Valuation of goods - HELD THAT:- As per the provisions of Section 4(1) of the Central Excise Act, 1944, it is observed that the price determined by the appellant is the sole consideration for sale of the finished goods and it is the ‘Transaction Value’ for determination of Central Excise Duty by the appellant. Accordingly, it is observed that there is no need to resort to Rule 9 of the Central Excise Valuation (Determination of Price of Excisable Goods) Rules, 2000 to determine the assessable value in this case. Hence, the demand confirmed by interpreting Rules 8 and 9 of the Central Excise Valuation Rules, 2000, to confirm the demand of central excise duty in this case is not sustainable in law. Accordingly, the demand confirmed in the impugned order by rejecting the 'Transaction Value' declared by the appellant in the invoices raised to M/s. H.D. Consortium India Ltd., is not sustainable.

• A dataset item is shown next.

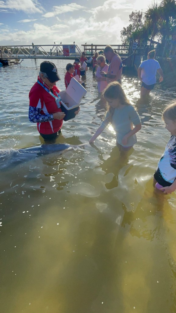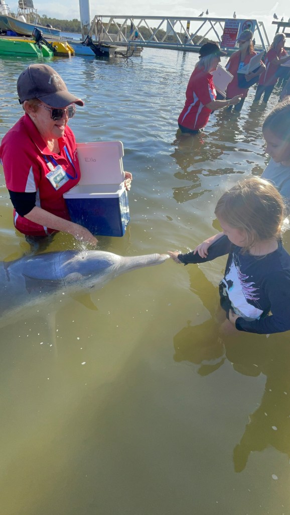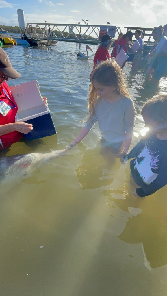 Then it was time to get in the water to feed the dolphins! As this is strictly overseen and guided by the department of the environment, each adult dolphin has a quota of 3kg of fish (a small proportion of their diet) and that’s why they have to strictly monitor the number of visitors and how many fish each visitor is allowed to feed the dolphins. First we got to feed Harmony and the girls were excited but a bit apprehensive with the first fish. By the second they were loving it, but it was time to get out. Jazzy and Izzy managed to charm their way into getting into the water again and this time we got to feed Ella, a 43 year old mother and grandmother of the pod. The girls were pros at feeding the dolphins by this stage! It’s so tempting to just pat them, but that is strictly prohibited so we kept the urges at bay…

The appellant has been availing the benefit of Notification No. 20/2007-C.E. wherein they are eligible for refund of the whole of the duty of excise paid by them. Thus, there are merit in the contention of the appellant that there is no revenue loss to the exchequer on account of the clearance to M/s. H.D. Consortium India Ltd. at a lower price.
The Appellant has adopted a higher value addition and duty was paid at a higher side. Thus, there is no evidence available on record to substantiate the allegation that the appellant has undervalued the finished goods sold to M/s. H.D. Consortium India Ltd. Accordingly, the demand confirmed in the impugned order on the allegation of undervaluation of the final product is without any basis and liable to be set aside.
Time Limitation - HELD THAT:- The appellant is eligible to claim refund of the duty paid by them in PLA as per Notification No. 20/2007-C.E. dated 25.04.2007. The appellant has been filing returns regularly and disclosing all relevant information before the appropriate authority. The Range Superintendent has verified all the invoices and challans submitted by the appellant while sanctioning the refund claims. Thus, the suppression of fact with intent to evade payment of tax does not exist in this case. Accordingly, the demand raised by invoking the extended period of limitation is not sustainable.
The demand of duty confirmed in the impugned order is not sustainable - Since the demand itself is not sustainable, the question of raising any interest on the demands or imposition of penalty does not arise.
Appeal allowed.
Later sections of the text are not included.